Department of Chemistry, Acharya Nagarjuna University, Guntur-AP, India.
Natsol Laboratories Private Limited, II Floor, Research & Development Building, Ramky Commercial Hub, J. N. Pharmacity, Visakhapatnam-AP, India.
Curr Top Med Chem. 2019;19(9):662-682. doi: 10.2174/1568026619666190305124954.
Hispolons are natural products known to possess cytoprotective, antioxidant and anti-cancer activities. We have found recently anti TB activity in these compounds. Efforts were made to optimize the structure with bioisosteric replacement of 1,3-diketo functional group with the corresponding pyrazole and isoxazole moieties.
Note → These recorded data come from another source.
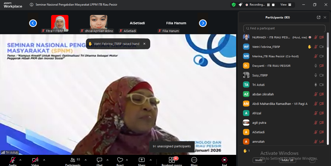 Dumai, 14 Januari 2026 — Lembaga Penelitian dan Pengabdian kepada Masyarakat (LPPM) Institut Teknologi dan Bisnis Riau Pesisir (ITB Riau Pesisir) sukses menyelenggarakan Seminar Nasional Pengabdian kepada Masyarakat (SPNM) secara daring (online) pada Rabu, 14 Januari 2026. Kegiatan ini mengusung semangat penguatan peran perguruan tinggi dalam mendorong inovasi sosial yang berdampak melalui optimalisasi Tri Dharma Perguruan Tinggi.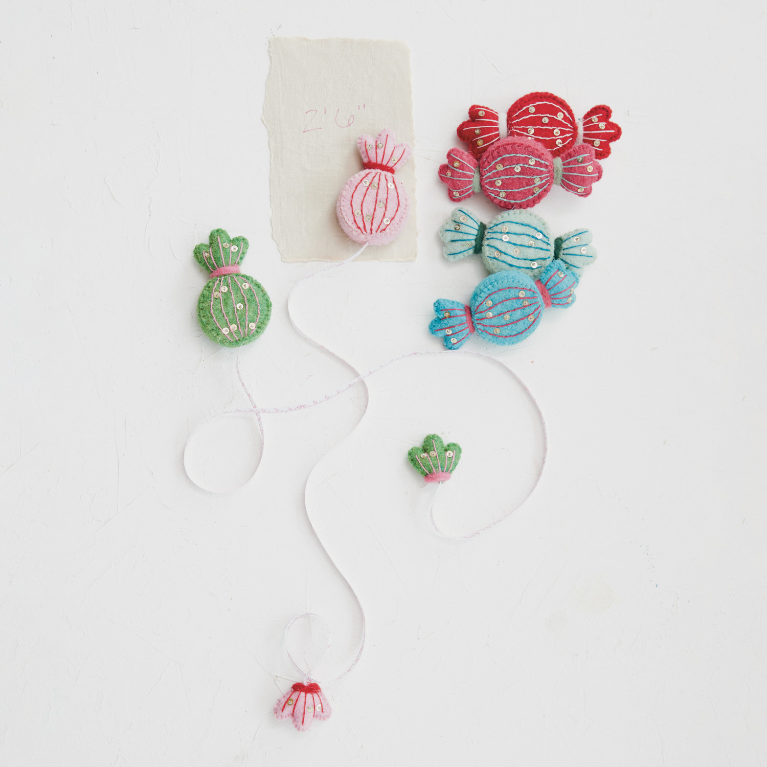 Catalog Name: 5"L x 2-1/4"W Handmade Embroidered Wool Felt Candy Shaped Tape Measure w/ Sequins & Beads, Multi Color, 6 Styles (Each Measures 5 Feet)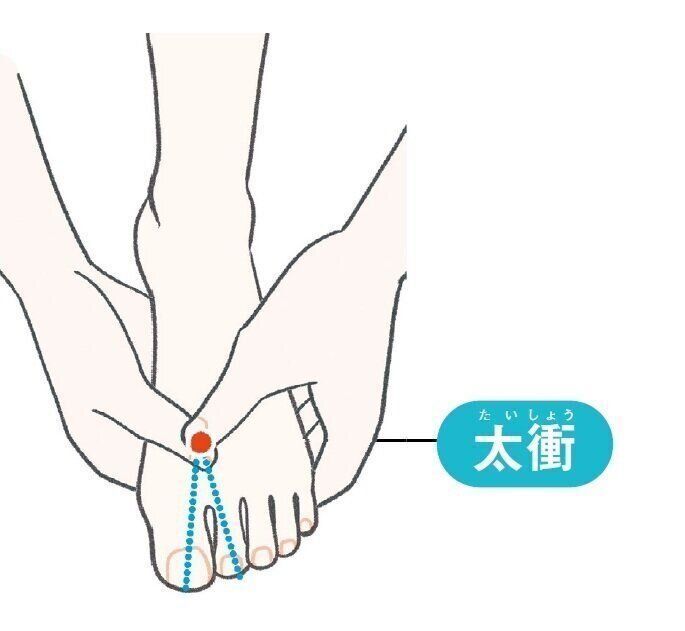 足の甲の親指と人さし指の骨が交差するくぼみの部分。特に冷え症の人は、この部分が冷たく感じる場合があります。奥に太い血管が通っているのでここを刺激すると、血流がアップし、上半身まで温まります。

The goal of this paper is designing new hispolon isoxazole and pyrazole and the evaluation of their biological activities.
The designed compounds were prepared using classical organic synthesis methods. The anti- TB activity was evaluated using the MABA method.
A total of 44 compounds were synthesized (1a- 1v and 2a-2v) and screened for anti TB activity and antibacterial activity. The compounds 1b and 1n showed the highest potency with MIC 1.6µg/mL against M. tuberculosis H37Rv.
Bioisosteric replacement of 1,3-diketo functional group in hispolons with pyrazole or isoxazole rings have resulted in potent anti TB molecules. Docking simulations of these compounds on mtFabH enzyme resulted in a clear understanding of bioactivity profiles of these compounds. Docking scores are in good agreement with the anti TB activity obtained for these compounds. Computational studies and in vitro screening results indicate mtFabH as the probable target of these compounds.
Hispolon 是一种天然产物,已知具有细胞保护、抗氧化和抗癌活性。我们最近在这些化合物中发现了抗结核活性。我们努力通过用相应的吡唑和异噁唑取代 1,3-二酮官能团来优化结构。
本文的目的是设计新的 Hispolon 异噁唑和吡唑,并评估它们的生物学活性。
使用经典的有机合成方法制备设计的化合物。采用 MABA 法评价抗结核活性。
共合成了 44 种化合物(1a-1v 和 2a-2v),并对其抗结核活性和抗菌活性进行了筛选。化合物 1b 和 1n 对结核分枝杆菌 H37Rv 的抑菌活性最强,MIC 为 1.6µg/mL。
用吡唑或异噁唑环替代 Hispolon 中的 1,3-二酮官能团得到了具有高效抗结核活性的分子。这些化合物对 mtFabH 酶的对接模拟结果清楚地表明了这些化合物的生物活性特征。对接评分与这些化合物的抗结核活性一致。计算研究和体外筛选结果表明 mtFabH 可能是这些化合物的靶标。